Last month the company announced a senior management shakeup as it terminated an offer to be bought by a unit controlled by billionaire Carl Icahn, a major shareholder in the company (see Daily GPI, Feb. 23). CEO Bruce Williamson and CFO Holli Nichols resigned, effective this Friday (March 11), and five board members decided to step down at the annual shareholders meeting set for June 15.

On Tuesday Dynegy reported continuing quarter-over-quarter and year-over-year losses, albeit smaller than the 2009 red ink — 4Q2010 showed a loss of $164 million ($1.36/share), compared with $355 million ($2.33) in losses for the same period the previous year; for all of 2010, Dynegy lost $234 million ($1.95), compared with $1.2 billion ($7.60) in losses for all of 2009.

Still operating 17 electric generation plants in six states, Dynegy said in the SEC filing that it is trying to rework its largest, $1.8 billion credit facility, which it expects to be a smaller amount for a higher cost of borrowing. Thus, the company faces the prospect of potentially having to take on more debt or sell more equity.

Noting in the SEC filing that there is no assurance it will be successful with any of its current options, Dynegy said it could file for Chapter 11 bankruptcy or be forced into an involuntary one.

“Continued low power prices over the past two years have had a significant adverse impact on our business,” Dynegy said in the SEC filing. “Further, as our credit rating has declined, counterparty requirements for posting collateral in support of our risk management positions have become more stringent.
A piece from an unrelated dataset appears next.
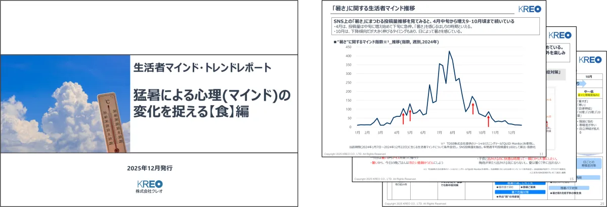 株式会社クレオは、2025年12月10日に新たなレポート『猛暑による心理(マインド)の変化を捉える【食】編』をリリースしました。このレポートは、厳しい暑さが生活者の心理や行動にどのように影響を与えているのかを分析したものです。特に、SNS投稿から得られるデータを基にし、夏の長期化や猛暑による生活者マインドの変化を可視化することを目的としています。

Over the next 12 months, we expect that we will continue to need to utilize our credit facility through the issuance of letters of credit and/or through the drawing of cash, or secure additional sources of capital to continue to meet our operating needs.”
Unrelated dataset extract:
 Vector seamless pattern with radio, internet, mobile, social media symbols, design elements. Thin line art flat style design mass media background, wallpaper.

The latest developments come after two buyout offers by its major shareholders — Icahn and Seneca Capital — were rejected by a majority of Dynegy shareholders despite being recommended by the board (see Daily GPI, Feb. 10). Three of the four new directors announced Wednesday were nominated by either Icahn or Seneca.
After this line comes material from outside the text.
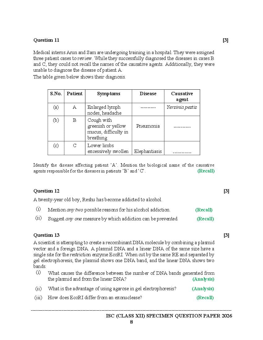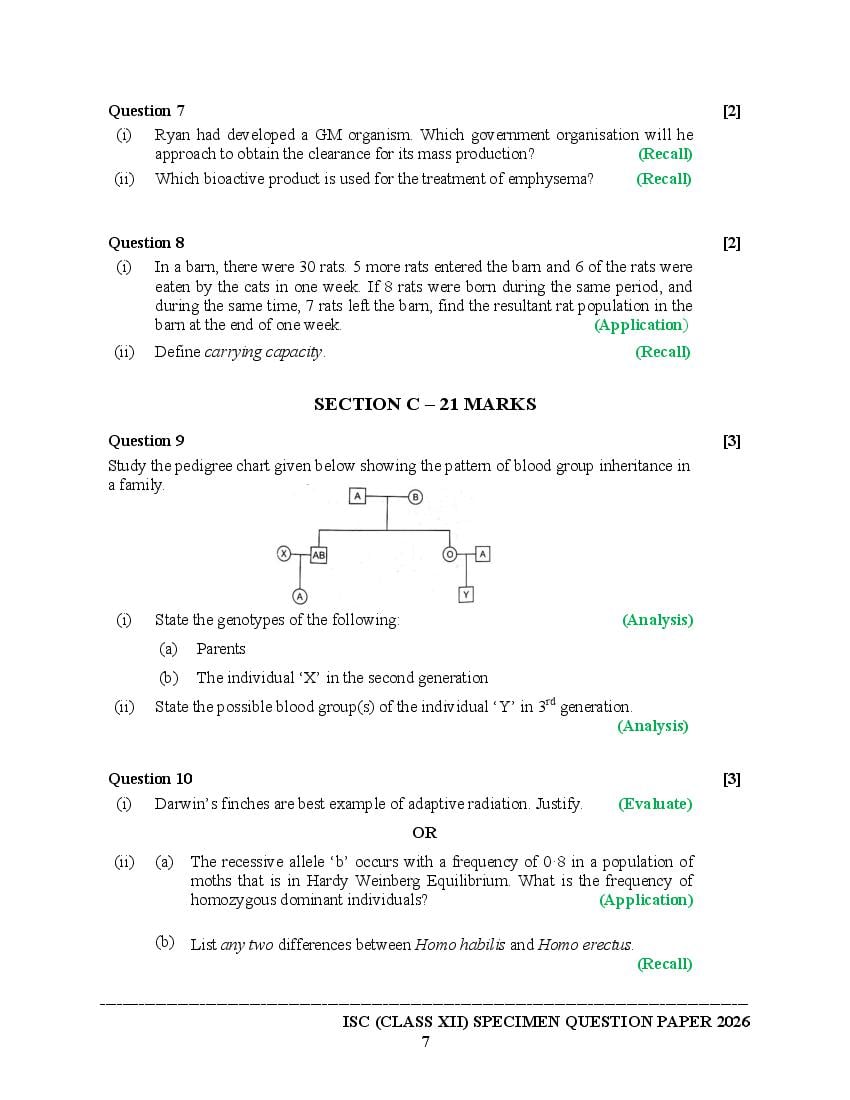 | Study Material Here | CISCE Board Specimen Paper of Class 12 Biology |

The quick action in approving the new directors “demonstrates the board’s commitment to an expeditious and orderly transfer of leadership at Dynegy,” said Board Chairman Patricia Hammick. “The board has recognized the desire of our stockholders to pursue a different path for the company…the new directors will take the lead in charting a course forward — both in selecting new board members and new executive leadership.”

In February a merger agreement with billionaire Icahn’s Icahn Enterprises LP failed to get enough shareholder support to complete the deal, so it automatically was terminated. Icahn’s offer originally had a late January deadline and then one earlier this month, both of which were extended, ostensibly to await federal regulatory approvals (see Daily GPI, Feb. 11).

Recommended by the Dynegy board, the Icahn tender offer was for $5.50/share, or $665 million in aggregate, for Dynegy. Icahn earlier had announced that approximately 5.4 million shares (4.41%) of Dynegy’s common stock had been tendered as of the end of the business day Feb. 9, the previous deadline for the tender offer. The offer had initially been scheduled to expire Jan. 25.

Earlier in 2010 one of the company’s solicited bids — from a private equity firm, The Blackstone Group — for $4.50/share initially and raised to $5/share subsequently was rejected by shareholders, too.